Molecular Tumor Pathology, German Cancer Research Center, Im Neuenheimer Feld 280, 69120, Heidelberg, Germany.
Apoptosis. 2012 Feb;17(2):187-99. doi: 10.1007/s10495-011-0664-3.
Treatment with the Bcl-2/Bcl-XL inhibitor ABT-737 is a promising novel strategy to therapeutically induce apoptotic cell death in malignant tumors such as glioblastomas. Although many studies have demonstrated that ABT-737 acts synergistically with chemotherapeutic drugs, the possibility of a combined treatment with ionizing radiation (IR) and ABT-737 has not yet been thoroughly investigated. Similarly, the relationship between p53 function and the pro-apoptotic effects of ABT-737 are still obscure. Here, we demonstrate that IR and ABT-737 synergistically induce apoptosis in glioblastoma cells. The sensitivity to ABT-737-mediated cell death is significantly increased by the IR-dependent accumulation of cells in the G2/M cell cycle phase. Wild type p53 function inhibits the efficacy of a combined IR and ABT-737 treatment via a p21-dependent G1 cell cycle arrest. Moreover, mutant as well as wild type p53 counteract the pro-apoptotic activity of ABT-737 by maintaining the expression levels of the Mcl-1 protein. Thus, p53 regulates the sensitivity to ABT-737 of glioblastoma cells. Our results warrant a further evaluation of a novel combination therapy using IR and ABT-737. The efficacy of such a therapy could be substantially enhanced by Mcl-1-lowering strategies.

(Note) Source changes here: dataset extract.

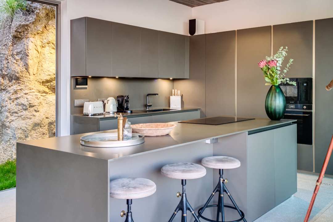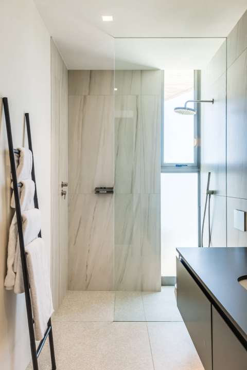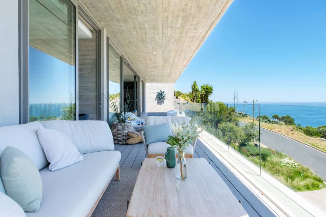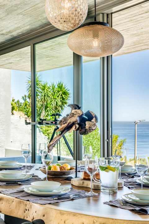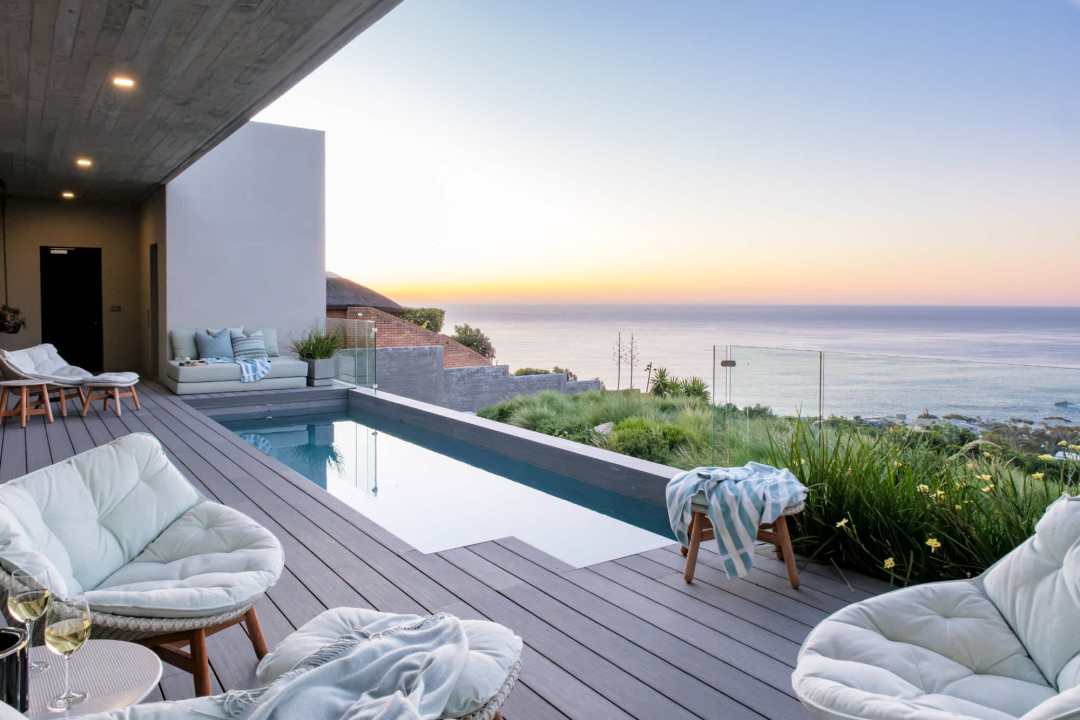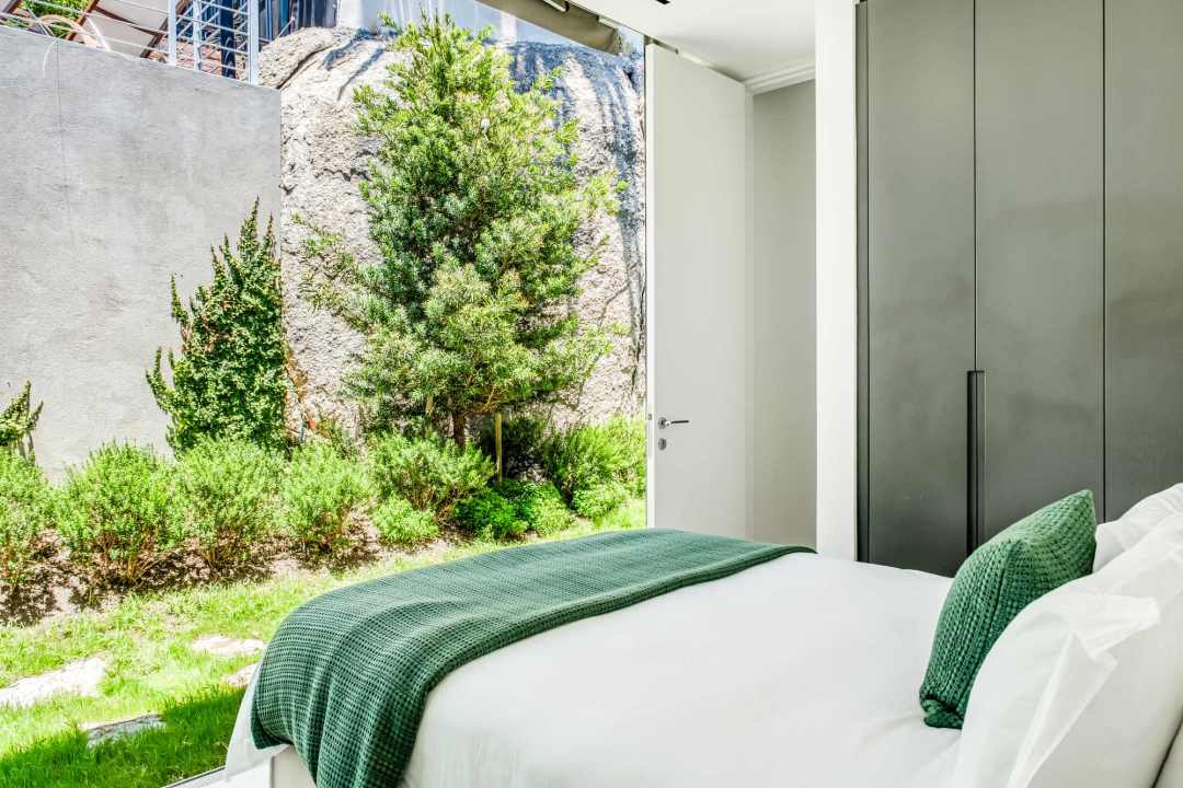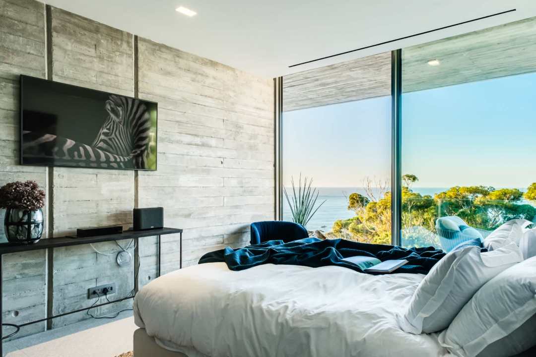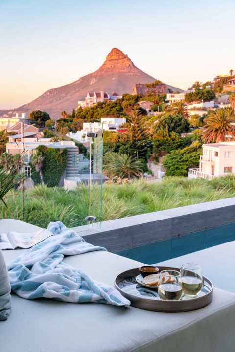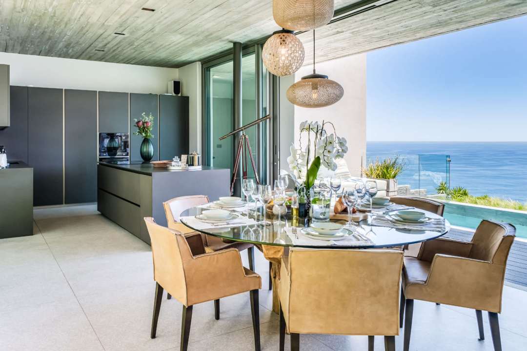 This contemporary and luxurious villa is nestled in the exclusive suburb of Camps Bay and offers sweeping views of the Atlantic Ocean and Lion’s Head. The property consists of two separate three-bedroom apartments, which can be booked individually or together to create a spacious six-bedroom home. A lift connects both levels; when rented separately, each apartment remains completely private. Both offer three bedrooms, three bathrooms, an open-plan living and dining area with fireplace, a modern kitchen, balcony, and a private pool. There is also a gym available for guests use. Please note: the downstairs dining area seats a maximum of 10 guests. It is therefore ideal for groups happy to share a beautiful space or dine across two separate areas. Each bedroom is air-conditioned, en-suite, and tastefully furnished with luxurious finishes. All rooms feature in-built speakers, so you can enjoy your own music throughout the villa. With spectacular views and elegant interiors, this is the perfect setting for a memorable holiday.

用 Bcl-2/Bcl-XL 抑制剂 ABT-737 治疗是一种很有前途的新策略,可以在恶性肿瘤(如脑胶质瘤)中诱导细胞凋亡。虽然许多研究表明 ABT-737 与化疗药物具有协同作用,但与电离辐射(IR)联合治疗的可能性尚未得到彻底研究。同样,p53 功能与 ABT-737 的促凋亡作用之间的关系仍然不清楚。在这里,我们证明 IR 和 ABT-737 协同诱导脑胶质瘤细胞凋亡。IR 依赖性细胞在 G2/M 细胞周期中积累,显著增加了对 ABT-737 介导的细胞死亡的敏感性。野生型 p53 功能通过 p21 依赖性 G1 细胞周期阻滞抑制联合 IR 和 ABT-737 治疗的疗效。此外,突变型和野生型 p53 通过维持 Mcl-1 蛋白的表达水平来抵抗 ABT-737 的促凋亡活性。因此,p53 调节脑胶质瘤细胞对 ABT-737 的敏感性。我们的结果证明了使用 IR 和 ABT-737 的新型联合治疗的进一步评估是合理的。通过降低 Mcl-1 水平的策略,可以显著提高这种治疗的疗效。